Um die Versorgung von entsprechenden Patientinnen zu verbessern und zu
vereinheitlichen, wurde von der Arbeitsgemeinschaft der Wissenschaftlichen
Medizinischen Fachgesellschaften e. V. (AWMF) nun die erste S2k-Leitlinie
zu diesem Thema im deutschsprachigen Raum veröffentlicht. „Ziel der
vorliegenden Leitlinie ist es, die Behandlungsmöglichkeiten von
Schwangeren mit Nierenerkrankungen in allen relevanten Bereichen der
Schwangerschaftsbetreuung zu standardisieren“, betonen der Vorsitzende der
Deutschen Gesellschaft für Nephrologie e. V. (DGfN), Prof. Hermann-Joseph
Pavenstädt, und der Präsident der Deutschen Gesellschaft für Gynäkologie
und Geburtshilfe e. V. (DGGG), Prof. Anton Scharl, gemeinsam. Der Fokus
liegt auf den Zusammenhängen der einzelnen Schwangerschaftsphasen mit der
Nierenfunktion. Erarbeitet wurde die Handlungsempfehlung unter der
Federführung der DGGG e. V. und der DGfN e. V. unter Beteiligung
zahlreicher weiterer Fachgesellschaften. Die Empfehlungen richten sich an
Frauen mit Nierenerkrankungen sowohl in der Phase des Kinderwunsches als
auch in der Schwangerschaft.

„Diese Leitlinie bündelt erstmalig die relevanten wissenschaftlichen
Erkenntnisse zur Behandlung von Schwangeren mit Nierenerkrankungen und
gibt somit den beteiligten Berufsgruppen eine gute Orientierung für die
medizinische Begleitung von Betroffenen.“
Prof. Dr. Sylvia Stracke (Greifswald)
DGfN-Leitlinienkoordinatorin

Keine Schwangerschaft in den ersten 12 Monaten nach Nierentransplantation

Im Vorfeld einer Schwangerschaft – so betonen die AutorInnen – sollten
Frauen mit chronischer Nierenkrankheit über das erhöhte und ggf.
spezifische Risiko von Schwangerschaftskomplikationen aufgeklärt werden.
Nach einer Nierentransplantation sollten den Frauen für das folgende Jahr
vorerst sichere und effektive Verhütungsmethoden empfohlen werden. Für die
Zeit während der Schwangerschaft werden bestimmte medikamentöse
Behandlungen sowie individuelle Vorsorgeuntersuchungen vorgesehen. Neben
grundlegenden Auswirkungen und Behandlungsempfehlungen der Nierenfunktion
– vor, während und nach der Schwangerschaft – widmen sich die AutorInnen
spezifischen Aspekten von Nierenerkrankungen und deren Effekten auf die
Gravidität. Auch die interdisziplinäre Zusammenarbeit von NephrologInnen
und PerinatalmedizinerInnen wird ausdrücklich hervorgehoben, um eine
optimale Versorgung der Patentinnen zu gewährleisten.

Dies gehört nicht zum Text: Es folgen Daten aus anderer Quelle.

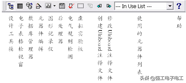 图1-3是主工具栏及按钮名称,图1-4是元器件工具栏及按钮名称,图1-5是虚拟仪器工具栏及仪器名称。
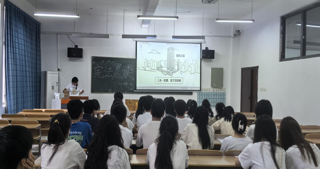 为了深入开展宪法法律学习宣传教育,推动学生宪法学习宣传教育走深走实,引导学生自觉成为宪法的忠实崇尚者、自觉遵守者、坚定捍卫者。jinnianhui今年会23级法学1班于2024年5月21日上午9:00在2501教室组织开展了“晨光熹微,法韵悠扬”宪法晨读活动,此次活动由23级法学1班全体同学及老师共同参与。
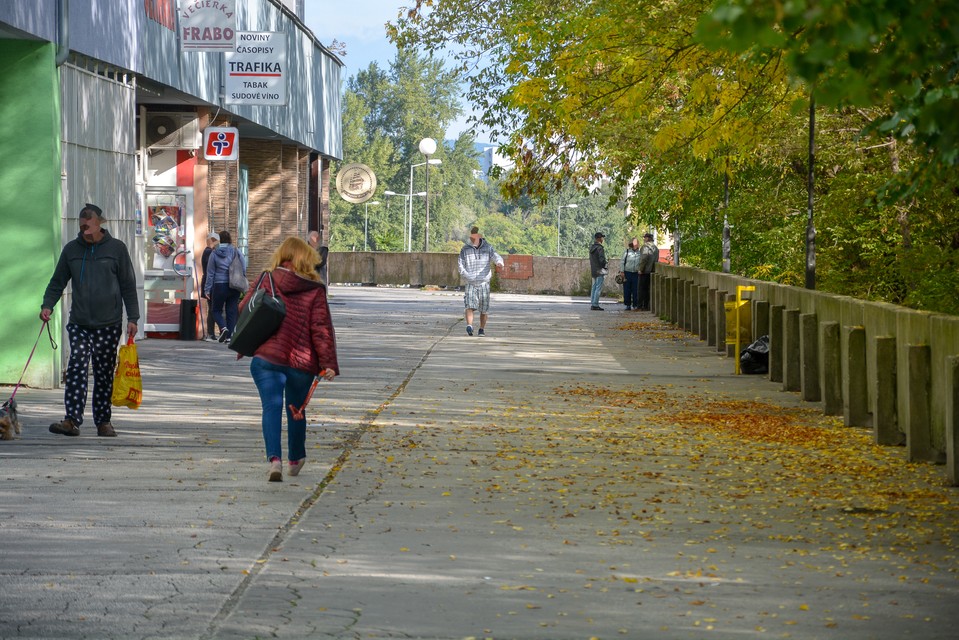 Napokon na konci terasy, keď prejdeme okolo Domu kultúry Lúky a kedysi legendárneho Braníka na Vígľašskú, je predajňa potravín otvorená tiež od 7.00 h do 21.00 h. Tu umelohmotné poldecáky nepredávajú, tu sa nakupujú skôr pollitrové fľaše tvrdého alkoholu. Kupujúcich neselektujú, pred potravinami však nikto nestojí. Predavačka nám tvrdí, že to zarazili hneď na počiatku. „Všetci sa presunú na terasu Beňadickú alebo na trhovisko,“ tvrdí.
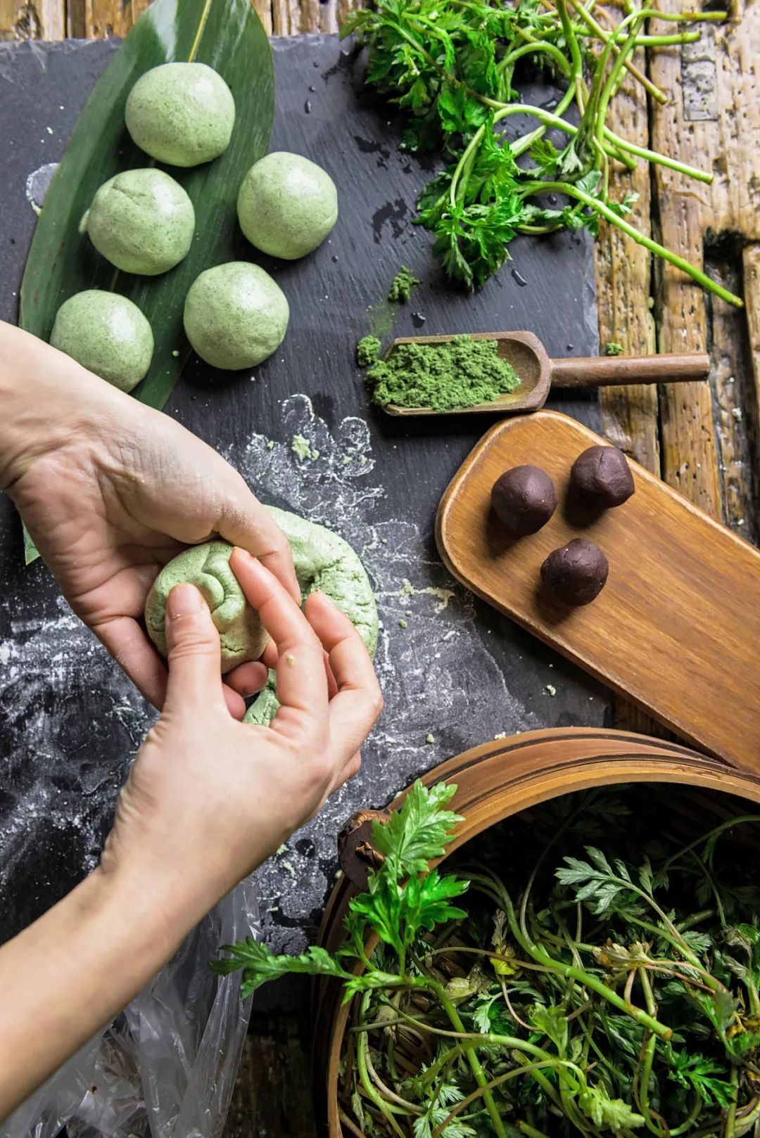 清明時(shí)節(jié),江南一帶有吃青團(tuán)子的風(fēng)俗習(xí)慣。青團(tuán)子是用一種名叫“漿麥草”的野生植物搗爛后擠壓出汁,接著取用這種汁同晾干后的水磨純糯米粉拌勻揉和,然后開始制作團(tuán)子。
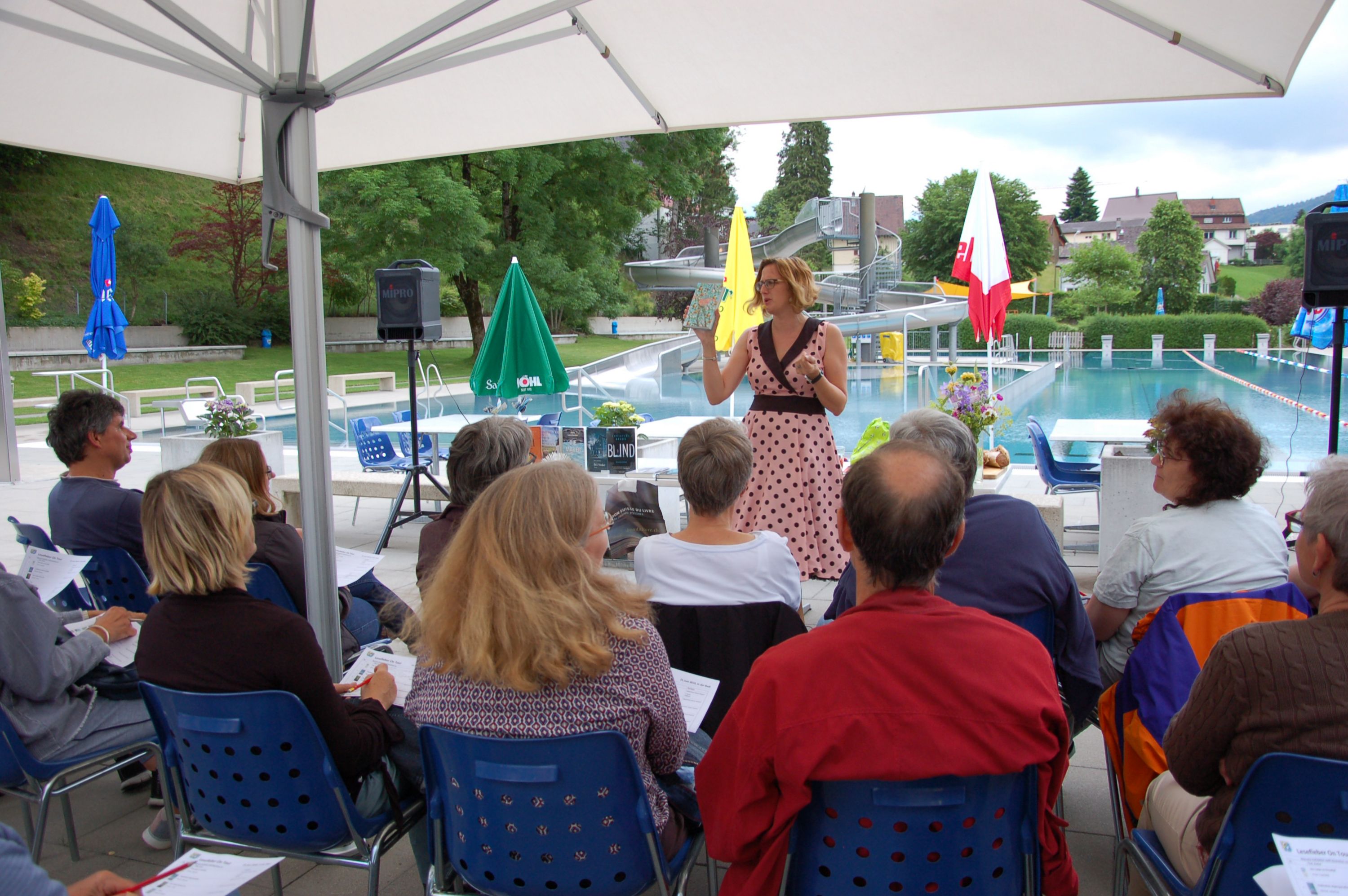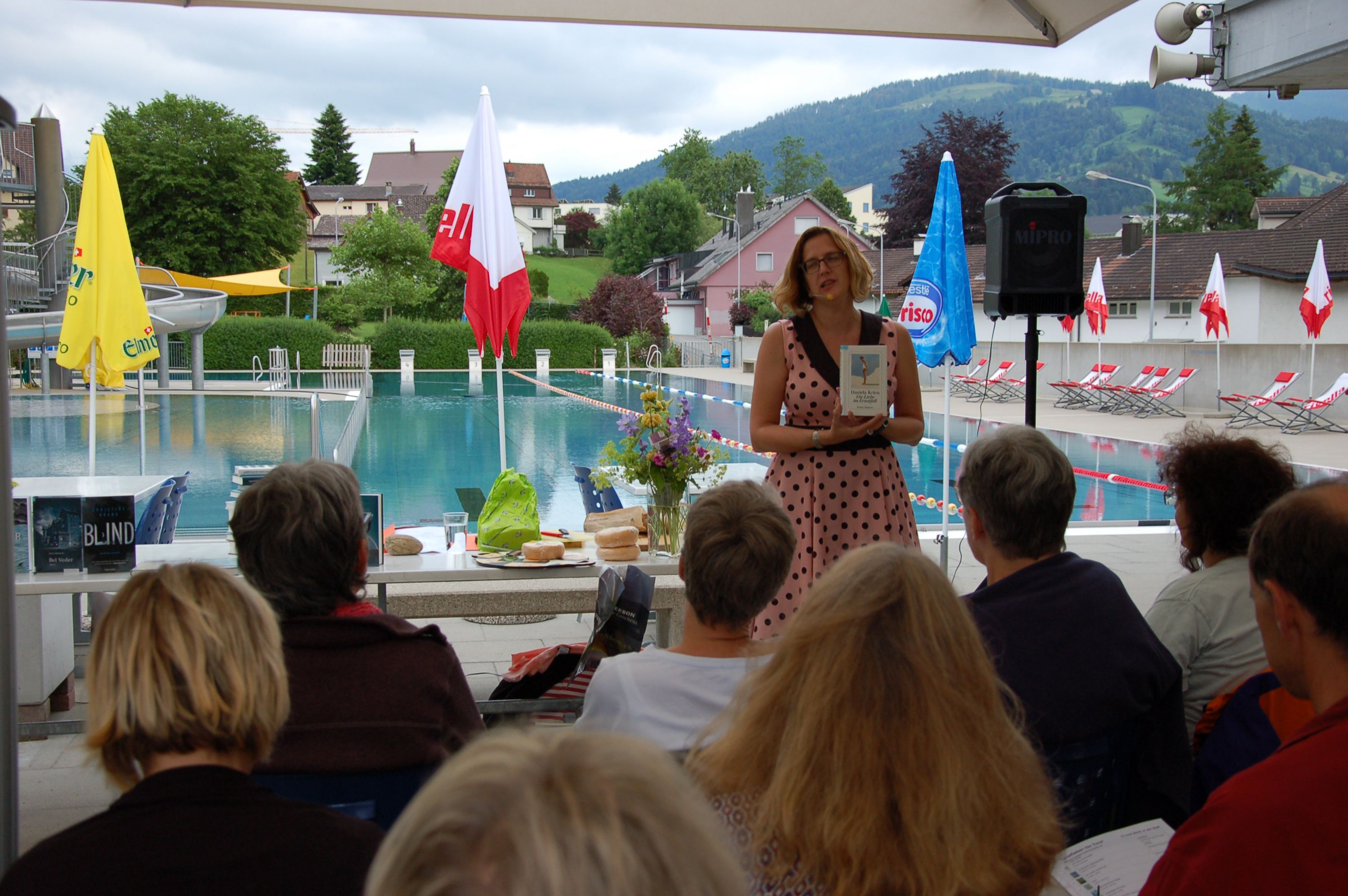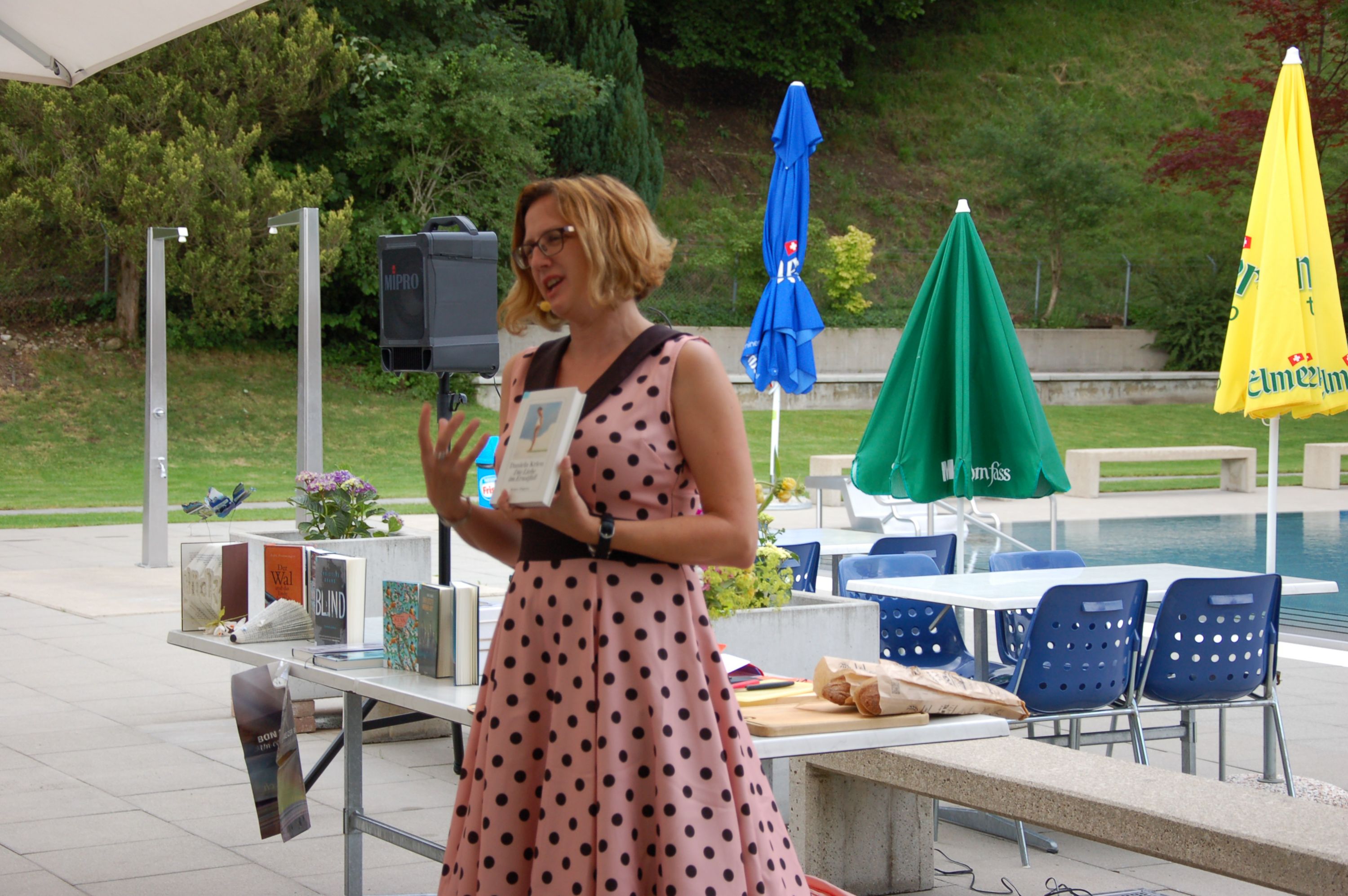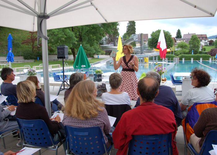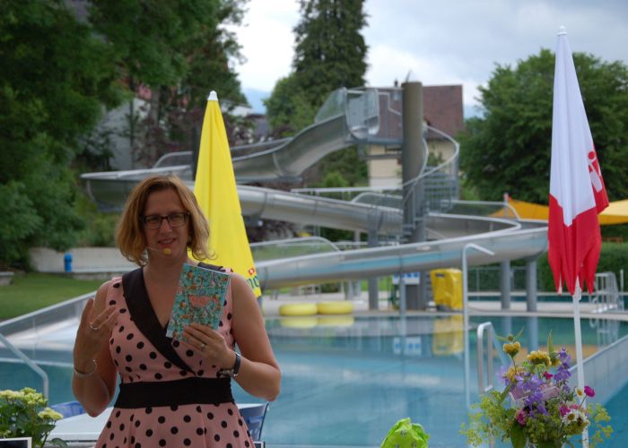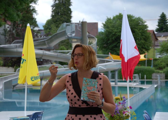 Am Freitagabend, 21.Juni luden die Bibliothek Ebnat-Kappel und das Schwimmbad zu einem ganz besonderen Anlass in die Badi ein. Mit einem Plätschern und Rauschen im Hintergrund erwartete ein zahlreiches Publikum die Literaturbloggerin Manuela Hofstätter, die in ihrem Gepäck ganz verschiedene Bücherneuheiten mitgebracht hatte. Auf Anhieb fesselte sie die Gäste auf ihre lebhafte, quirlige Art und begeisterte mit Romanen für jeden Geschmack. Sie zauberte während der Show einige Überraschungen fürs Publikum hervor und liess die Gäste von kulinarischen Leckerbissen kosten, um sie anschliessend mit Schweizer Bücherbons oder den mitgebrachten Büchern zu beschenken.
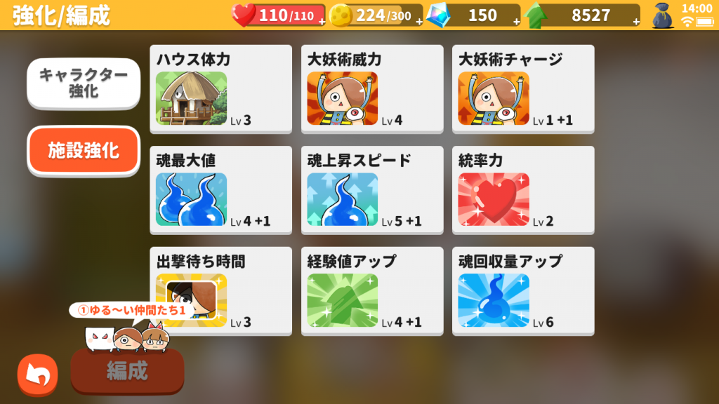 ▲キャラクター以外に施設を強化することで、ゲームをより有利に進められます。
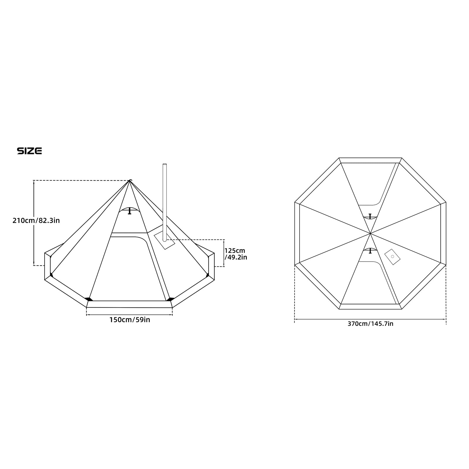 【Spacious Interior】Our hot tent comfortably accommodates 3-4 people with a generous height of 78 inches and an extended diameter of 145 inches. Even when housing four individuals with a stove, the tent remains remarkably roomy. Perfect for family trips or adventures with a group of close friends, this winter tent with Stove Jack ensures an enjoyable travel experience.
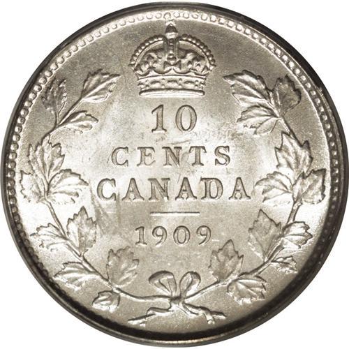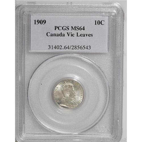 <B>Edward VII 10 Cents 1909 Victorian Leaves, </B></I>KM10, MS64 PCGS, a virtually untoned coin with full flashy mint brilliance. Very scarce in this superior quality, only one example has been graded higher by PCGS, MS65.<BR><I>From the Dominion Collection.</B></I>
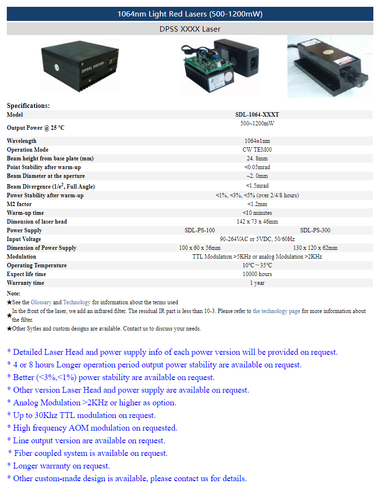 | 1064nm | 500 ~ 1,200mW | CW | TEM00 | |

„Es ist den verbesserten diagnostischen und therapeutischen Möglichkeiten
zu verdanken, dass heutzutage auch Frauen mit eingeschränkter
Nierenfunktion schwanger werden können. Umso wichtiger ist es, die
Behandlungsmöglichkeiten abzuwägen und den betreuenden MedizinerInnen,
nach bestmöglichen Standards ausgewertet, an die Hand zu geben.“
Prof. Dr. Ute Schäfer-Graf (Berlin)
DGGG-Leitlinienkoordinatorin

An der Erstellung der insgesamt 119 Seiten umfassenden Handlungsempfehlung
waren dreizehn AutorInnen aus zehn Fachgesellschaften aus Deutschland und
Österreich beteiligt. Die Kosten für dieses Leitlinienprojekt wurden durch
die Deutsche Gesellschaft für Gynäkologie und Geburtshilfe e. V. (DGGG)
getragen.

Leitlinien sind Handlungsempfehlungen. Sie sind rechtlich nicht bindend
und haben daher weder haftungsbegründende noch haftungsbefreiende Wirkung.